* [EXCERPTED DATA]
════
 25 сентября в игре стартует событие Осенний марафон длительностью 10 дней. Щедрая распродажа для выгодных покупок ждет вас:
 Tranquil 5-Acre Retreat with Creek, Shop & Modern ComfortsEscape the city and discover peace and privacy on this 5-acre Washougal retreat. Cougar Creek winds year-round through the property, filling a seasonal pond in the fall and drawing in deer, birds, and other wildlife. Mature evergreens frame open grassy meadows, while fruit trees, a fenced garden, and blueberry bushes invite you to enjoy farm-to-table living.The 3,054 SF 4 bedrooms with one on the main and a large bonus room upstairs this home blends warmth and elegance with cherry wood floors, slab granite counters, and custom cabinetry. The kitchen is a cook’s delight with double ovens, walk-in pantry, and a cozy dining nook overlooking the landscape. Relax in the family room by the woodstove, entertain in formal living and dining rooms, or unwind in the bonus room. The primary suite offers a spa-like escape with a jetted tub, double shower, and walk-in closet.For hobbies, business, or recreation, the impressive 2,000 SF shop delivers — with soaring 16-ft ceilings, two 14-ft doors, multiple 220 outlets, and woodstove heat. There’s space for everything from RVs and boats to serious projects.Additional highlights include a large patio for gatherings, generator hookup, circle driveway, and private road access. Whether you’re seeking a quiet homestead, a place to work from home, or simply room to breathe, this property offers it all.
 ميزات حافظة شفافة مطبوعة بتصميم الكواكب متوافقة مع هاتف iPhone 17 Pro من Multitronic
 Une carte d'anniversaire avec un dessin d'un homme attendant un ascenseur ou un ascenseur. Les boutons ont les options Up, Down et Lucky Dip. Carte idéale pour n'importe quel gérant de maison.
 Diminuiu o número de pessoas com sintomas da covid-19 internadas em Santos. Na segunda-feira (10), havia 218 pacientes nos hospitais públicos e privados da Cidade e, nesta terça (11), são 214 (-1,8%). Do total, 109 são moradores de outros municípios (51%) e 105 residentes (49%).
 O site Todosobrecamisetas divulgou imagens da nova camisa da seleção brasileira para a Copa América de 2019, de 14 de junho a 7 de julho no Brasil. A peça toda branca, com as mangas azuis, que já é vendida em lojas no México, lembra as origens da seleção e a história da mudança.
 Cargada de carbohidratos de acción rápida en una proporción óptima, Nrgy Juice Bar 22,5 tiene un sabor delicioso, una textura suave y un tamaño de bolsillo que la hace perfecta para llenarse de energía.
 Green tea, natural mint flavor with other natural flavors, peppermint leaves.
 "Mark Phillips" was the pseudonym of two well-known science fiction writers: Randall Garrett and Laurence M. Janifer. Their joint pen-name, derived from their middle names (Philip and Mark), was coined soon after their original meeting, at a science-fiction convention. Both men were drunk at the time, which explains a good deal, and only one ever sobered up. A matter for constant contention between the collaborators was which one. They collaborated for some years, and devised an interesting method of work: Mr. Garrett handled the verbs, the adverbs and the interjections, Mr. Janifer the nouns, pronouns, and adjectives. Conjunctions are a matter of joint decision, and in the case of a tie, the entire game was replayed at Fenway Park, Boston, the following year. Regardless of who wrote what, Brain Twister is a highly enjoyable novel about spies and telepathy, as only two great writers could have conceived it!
════
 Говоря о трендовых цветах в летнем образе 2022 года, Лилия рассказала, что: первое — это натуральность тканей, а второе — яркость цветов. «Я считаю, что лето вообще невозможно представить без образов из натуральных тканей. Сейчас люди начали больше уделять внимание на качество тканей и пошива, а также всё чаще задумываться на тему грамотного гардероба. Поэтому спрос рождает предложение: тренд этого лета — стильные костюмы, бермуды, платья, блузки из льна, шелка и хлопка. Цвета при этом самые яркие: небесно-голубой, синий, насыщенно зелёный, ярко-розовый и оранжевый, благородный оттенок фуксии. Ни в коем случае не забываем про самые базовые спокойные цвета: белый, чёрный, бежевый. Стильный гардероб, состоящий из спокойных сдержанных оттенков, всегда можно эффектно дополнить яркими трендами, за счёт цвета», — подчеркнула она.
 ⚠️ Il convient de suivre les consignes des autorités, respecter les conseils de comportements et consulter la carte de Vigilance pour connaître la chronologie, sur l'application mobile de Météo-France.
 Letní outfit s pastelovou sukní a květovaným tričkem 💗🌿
════
* [PROBLEM] Print the lines above from the one with "Diminuiu o número" through the one with "Green tea, natural", both included, exactly as written and nothing more.

* [RESULT OF THE EXERCISE]
 Diminuiu o número de pessoas com sintomas da covid-19 internadas em Santos. Na segunda-feira (10), havia 218 pacientes nos hospitais públicos e privados da Cidade e, nesta terça (11), são 214 (-1,8%). Do total, 109 são moradores de outros municípios (51%) e 105 residentes (49%).
 O site Todosobrecamisetas divulgou imagens da nova camisa da seleção brasileira para a Copa América de 2019, de 14 de junho a 7 de julho no Brasil. A peça toda branca, com as mangas azuis, que já é vendida em lojas no México, lembra as origens da seleção e a história da mudança.
 Cargada de carbohidratos de acción rápida en una proporción óptima, Nrgy Juice Bar 22,5 tiene un sabor delicioso, una textura suave y un tamaño de bolsillo que la hace perfecta para llenarse de energía.
 Green tea, natural mint flavor with other natural flavors, peppermint leaves.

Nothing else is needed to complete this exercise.